Multisource Extractor Pattern



The multisource extractor pattern (shown in Figure 3-2) is applicable in scenarios where enterprises that have large collections of unstructured data need to investigate these disparate datasets and nonrelational databases (for example, NoSQL, Cassandra, and so forth); typical industry examples are claims and underwriting, financial trading, telecommunications, e-commerce, fraud detection, social media, gaming, and wagering. Feeds from energy exploration and video-surveillance equipment where application workloads are CPU and I/O-intensive are also ideal candidates for the multisource extractor pattern.

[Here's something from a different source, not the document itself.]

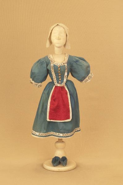 - NOTIZIE STORICO CRITICHE Costume realizzato nel 1895 per Il ballo "Excelsior", spettacolo che fu rappresentato la prima volta a Milano, al Teatro alla Scala, la sera dell'11 gennaio 1881. Autore del libretto e della coreografia era Luigi Manzotti, mentre Romualdo Marengo lo era della musica e Alfredo Edel delle scene e dei costumi.\nIl successo del ballo fu travolgente. Le repliche furono 103 nel 1881.\nLa versione marionettistica per la Compagnia Carlo Colla e Figli in due tempi e undici quadri fu allestita da Carlo II Colla col consenso dell'autore e presentata col titolo di "Civiltà e Progresso" nel 1895. Il titolo mutò poi nel tempo. Il primo allestimento del ballo ricordava ancora troppo l'originale scaligero. Ma fu sufficiente che lo spettacolo entrasse nella routine degli spostamenti della Compagnia perché le peculiarità del teatro marionettistico diventassero preponderanti.\nCosì l'"Excelsior" approdò al Teatro Gerolamo di Milano, quando la Compagnia ci entrò stabilmente nel 1906, proprio negli anni in cui, dopo qualche ultima apparizione, il "ballo grande" italiano, simbolico-narrativo sta tramontando sulle scene europee, divenendo unico retaggio del teatro delle marionette e, più particolarmente, della Compagnia Carlo Colla e Figli che ha continuato a riproporlo sino ad oggi, offrendo al pubblico di un secolo dopo la più vivida testimonianza del kolossal scaligero. Da nota scritta a matita sul "Giro Piazze della Compagnia Carlo Colla e Figli 1883-1912" si evince che la prima rappresentazione del ballo "Excelsior" è stata fatta a Caluso (TO) nel 1895.

Multisource extractor taxonomy ensures that the ingestion tool/framework is highly available and distributed.
It also ensures that huge volumes of data get segregated into multiple batches across different nodes. For a very small implementation involving a handful of clients and/or only a small volume of data, even a single-node implementation will work. But, for a continuous stream of data influx from multiple clients and a huge volume, it makes sense to have clustered implementation with batches partitioned into small volumes.
Generally, in large ingestion systems, big data operators employ enrichers to do initial data aggregation and cleansing. (See Figure 3-2.) An enricher reliably transfers files, validates them, reduces noise, compresses and transforms from a native format to an easily interpreted representation. Initial data cleansing (for example, removing duplication) is also commonly performed in the enricher tier.
Once the files are processed by enrichers, they are transferred to a cluster of intermediate collectors for final processing and loading to destination systems.
Because the ingestion layer has to be fault-tolerant, it always makes sense to have multiple nodes. The number of disks and disk size per node have to be based on each client’s volume. Multiple nodes will be able to write to more drives in parallel and provide greater throughput.
However, the multisource extractor pattern has a number of significant disadvantages that make it unusable for real-time ingestion. The major shortcomings are as follows:
• Not Real Time: Data-ingestion latency might vary between 30 minutes and a few hours.
• Redundant Data: Multiple copies of data need to be kept in different tiers of enrichers and collection agents. This makes already large data volumes even larger.
• High Costs: High availability is usually a requirement for this pattern. As the systems grow in capacity, costs of maintaining high availability increases.
• Complex Configuration: This batch-oriented pattern is difficult to configure and maintain.



Top
3_4. How will you ingest data from multiple sources and different formats/protocols in an efficient manner?
Protocol Converter Pattern

The protocol converter pattern (shown in Figure 3-3) is applicable in scenarios where enterprises have a wide variety
of unstructured data from data sources that have different data protocols and formats. In this pattern, the ingestion
layer does the following:
1. Identifies multiple channels of incoming event.
2. Identifies polydata structures.
3. Provides services to mediate multiple protocols into suitable sinks.
4. Provides services to interface binding of external system containing several sets of
messaging patterns into a common platform.
5. Provides services to handle various request types.
6. Provides services to abstract incoming data from various protocol layers.
7. Provides a unifying platform for the next layer to process the incoming data.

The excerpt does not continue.